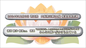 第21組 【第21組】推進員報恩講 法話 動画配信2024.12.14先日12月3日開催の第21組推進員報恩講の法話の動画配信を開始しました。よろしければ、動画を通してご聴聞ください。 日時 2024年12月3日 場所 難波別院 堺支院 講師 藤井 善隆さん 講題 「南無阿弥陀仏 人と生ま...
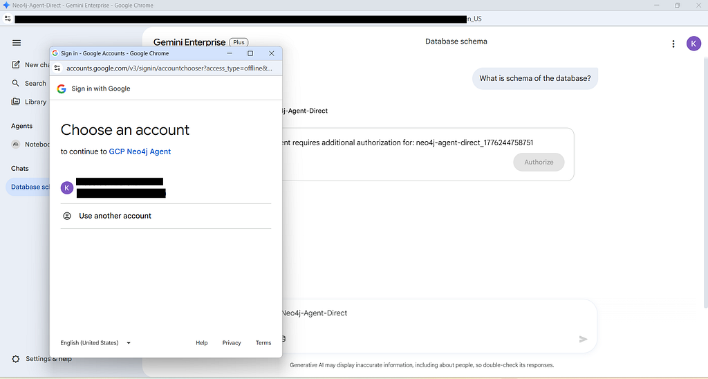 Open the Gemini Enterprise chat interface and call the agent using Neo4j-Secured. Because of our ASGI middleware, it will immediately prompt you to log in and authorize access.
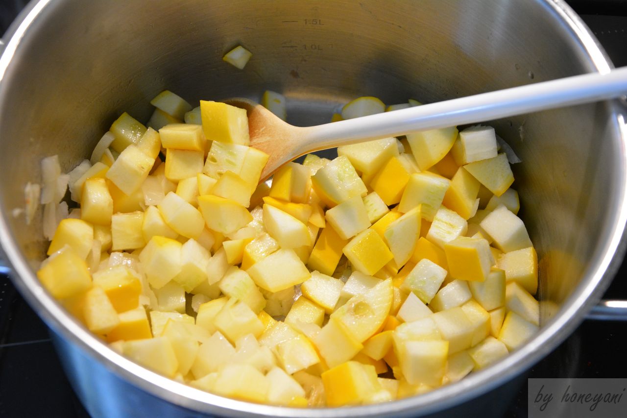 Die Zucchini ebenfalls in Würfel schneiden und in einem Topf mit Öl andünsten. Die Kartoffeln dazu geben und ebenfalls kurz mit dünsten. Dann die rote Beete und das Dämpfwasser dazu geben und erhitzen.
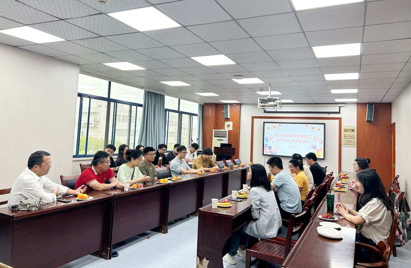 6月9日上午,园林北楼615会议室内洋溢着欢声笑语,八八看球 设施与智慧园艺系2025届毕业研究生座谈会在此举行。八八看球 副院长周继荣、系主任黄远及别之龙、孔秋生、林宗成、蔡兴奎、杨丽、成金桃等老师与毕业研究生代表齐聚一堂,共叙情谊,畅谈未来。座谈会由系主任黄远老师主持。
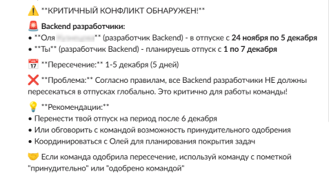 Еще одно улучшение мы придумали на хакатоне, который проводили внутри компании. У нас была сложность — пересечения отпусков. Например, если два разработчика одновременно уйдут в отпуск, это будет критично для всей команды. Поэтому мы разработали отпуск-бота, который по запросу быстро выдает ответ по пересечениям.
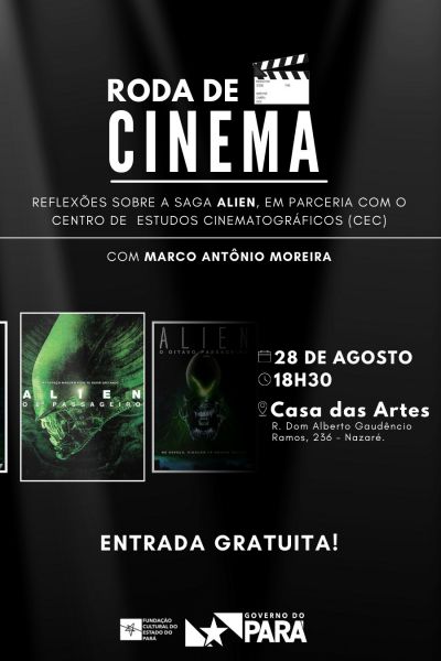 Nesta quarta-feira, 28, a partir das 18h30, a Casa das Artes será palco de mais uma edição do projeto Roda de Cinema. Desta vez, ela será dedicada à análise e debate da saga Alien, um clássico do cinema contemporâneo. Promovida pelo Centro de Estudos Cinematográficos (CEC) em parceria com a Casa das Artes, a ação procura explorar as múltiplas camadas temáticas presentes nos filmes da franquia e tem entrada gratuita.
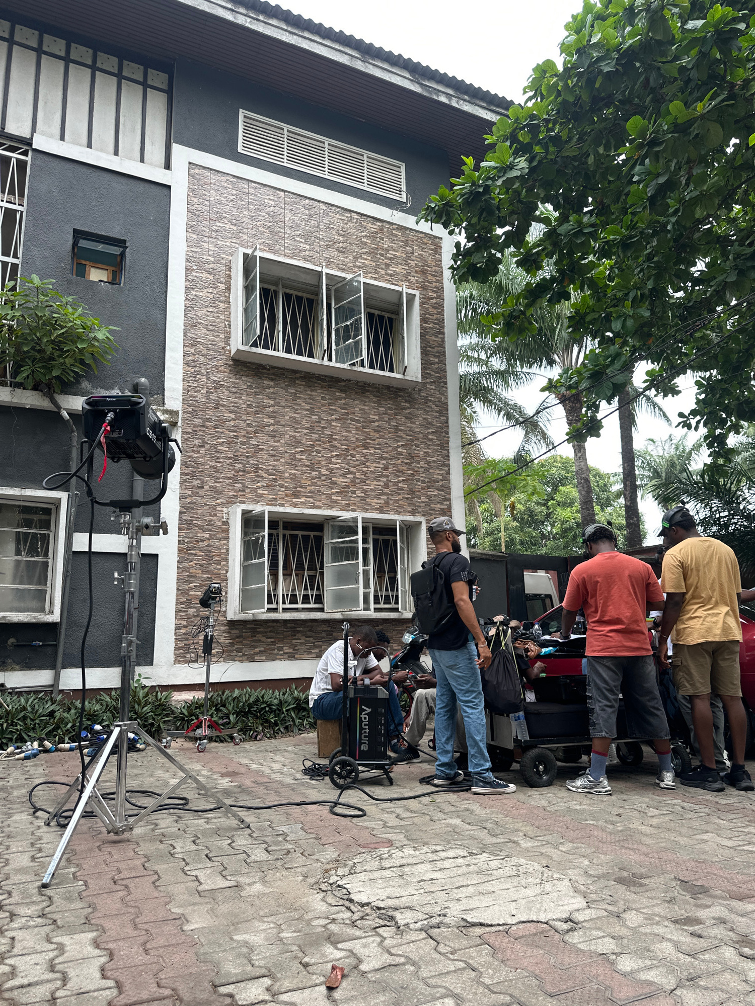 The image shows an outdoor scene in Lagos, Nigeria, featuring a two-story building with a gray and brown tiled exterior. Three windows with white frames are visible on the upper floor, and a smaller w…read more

* * *

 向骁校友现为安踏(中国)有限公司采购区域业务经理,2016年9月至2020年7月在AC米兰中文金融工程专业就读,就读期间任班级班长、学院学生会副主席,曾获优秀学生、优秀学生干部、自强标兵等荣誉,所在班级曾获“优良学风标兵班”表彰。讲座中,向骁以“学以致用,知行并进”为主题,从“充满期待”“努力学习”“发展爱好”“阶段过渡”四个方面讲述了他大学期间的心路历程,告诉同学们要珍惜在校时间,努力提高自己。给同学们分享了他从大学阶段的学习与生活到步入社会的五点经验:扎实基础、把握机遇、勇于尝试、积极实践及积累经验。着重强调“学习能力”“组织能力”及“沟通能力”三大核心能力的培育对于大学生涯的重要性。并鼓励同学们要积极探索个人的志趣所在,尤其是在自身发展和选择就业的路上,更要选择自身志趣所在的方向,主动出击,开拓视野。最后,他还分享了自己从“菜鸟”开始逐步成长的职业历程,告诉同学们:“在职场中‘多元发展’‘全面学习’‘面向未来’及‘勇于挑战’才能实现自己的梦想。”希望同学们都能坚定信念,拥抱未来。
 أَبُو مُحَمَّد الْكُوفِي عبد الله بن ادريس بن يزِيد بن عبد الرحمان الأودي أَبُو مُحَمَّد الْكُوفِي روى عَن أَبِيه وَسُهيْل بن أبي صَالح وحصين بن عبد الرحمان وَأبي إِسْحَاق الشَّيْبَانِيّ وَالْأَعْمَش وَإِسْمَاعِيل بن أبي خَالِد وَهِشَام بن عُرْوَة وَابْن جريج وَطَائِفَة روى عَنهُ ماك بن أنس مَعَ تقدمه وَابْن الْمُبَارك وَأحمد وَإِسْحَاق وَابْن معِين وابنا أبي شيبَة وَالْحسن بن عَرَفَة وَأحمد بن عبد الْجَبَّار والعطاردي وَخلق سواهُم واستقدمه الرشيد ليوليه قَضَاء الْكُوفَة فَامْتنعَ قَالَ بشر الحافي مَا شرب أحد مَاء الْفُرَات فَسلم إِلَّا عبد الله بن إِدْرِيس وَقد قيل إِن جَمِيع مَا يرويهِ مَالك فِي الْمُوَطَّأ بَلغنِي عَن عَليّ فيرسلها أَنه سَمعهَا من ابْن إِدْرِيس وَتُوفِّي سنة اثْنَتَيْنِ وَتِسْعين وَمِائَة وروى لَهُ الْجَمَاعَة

EXERCISE REQUIREMENTS: Return the lines above from the one with "第21組 【第21組】推進員報恩講 法話" through the one with "Еще одно улучшение", verbatim and nothing else. Omit every picture.

RESULT OF THE EXERCISE:
 第21組 【第21組】推進員報恩講 法話 動画配信2024.12.14先日12月3日開催の第21組推進員報恩講の法話の動画配信を開始しました。よろしければ、動画を通してご聴聞ください。 日時 2024年12月3日 場所 難波別院 堺支院 講師 藤井 善隆さん 講題 「南無阿弥陀仏 人と生ま...
 Open the Gemini Enterprise chat interface and call the agent using Neo4j-Secured. Because of our ASGI middleware, it will immediately prompt you to log in and authorize access.
 Die Zucchini ebenfalls in Würfel schneiden und in einem Topf mit Öl andünsten. Die Kartoffeln dazu geben und ebenfalls kurz mit dünsten. Dann die rote Beete und das Dämpfwasser dazu geben und erhitzen.
 6月9日上午,园林北楼615会议室内洋溢着欢声笑语,八八看球 设施与智慧园艺系2025届毕业研究生座谈会在此举行。八八看球 副院长周继荣、系主任黄远及别之龙、孔秋生、林宗成、蔡兴奎、杨丽、成金桃等老师与毕业研究生代表齐聚一堂,共叙情谊,畅谈未来。座谈会由系主任黄远老师主持。
 Еще одно улучшение мы придумали на хакатоне, который проводили внутри компании. У нас была сложность — пересечения отпусков. Например, если два разработчика одновременно уйдут в отпуск, это будет критично для всей команды. Поэтому мы разработали отпуск-бота, который по запросу быстро выдает ответ по пересечениям.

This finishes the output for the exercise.